====== Data extract

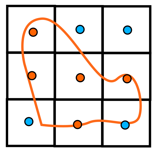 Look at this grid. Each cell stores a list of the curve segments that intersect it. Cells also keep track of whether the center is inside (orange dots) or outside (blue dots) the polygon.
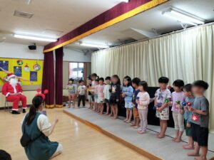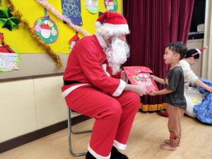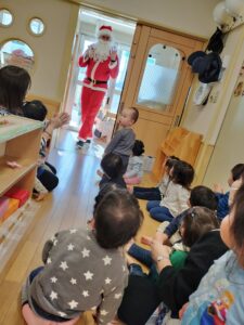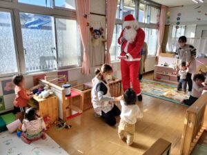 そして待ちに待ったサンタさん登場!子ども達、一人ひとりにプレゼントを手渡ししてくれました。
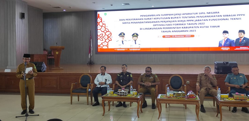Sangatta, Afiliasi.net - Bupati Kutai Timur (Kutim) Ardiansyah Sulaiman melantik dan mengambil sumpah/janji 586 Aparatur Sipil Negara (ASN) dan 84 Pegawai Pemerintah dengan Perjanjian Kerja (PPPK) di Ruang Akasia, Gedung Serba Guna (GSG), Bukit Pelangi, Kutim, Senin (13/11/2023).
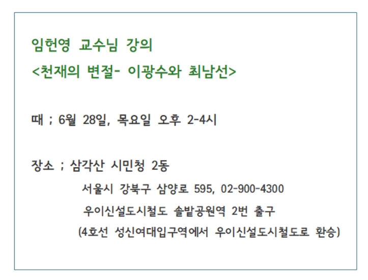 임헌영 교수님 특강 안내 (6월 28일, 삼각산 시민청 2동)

============

- Activity
Please reproduce nothing but the lines from the one containing "そして待ちに待ったサンタさん" through the closing line of the listing, retyped word for word, pictures excluded.

- Response to the task
 そして待ちに待ったサンタさん登場!子ども達、一人ひとりにプレゼントを手渡ししてくれました。
Sangatta, Afiliasi.net - Bupati Kutai Timur (Kutim) Ardiansyah Sulaiman melantik dan mengambil sumpah/janji 586 Aparatur Sipil Negara (ASN) dan 84 Pegawai Pemerintah dengan Perjanjian Kerja (PPPK) di Ruang Akasia, Gedung Serba Guna (GSG), Bukit Pelangi, Kutim, Senin (13/11/2023).
 임헌영 교수님 특강 안내 (6월 28일, 삼각산 시민청 2동)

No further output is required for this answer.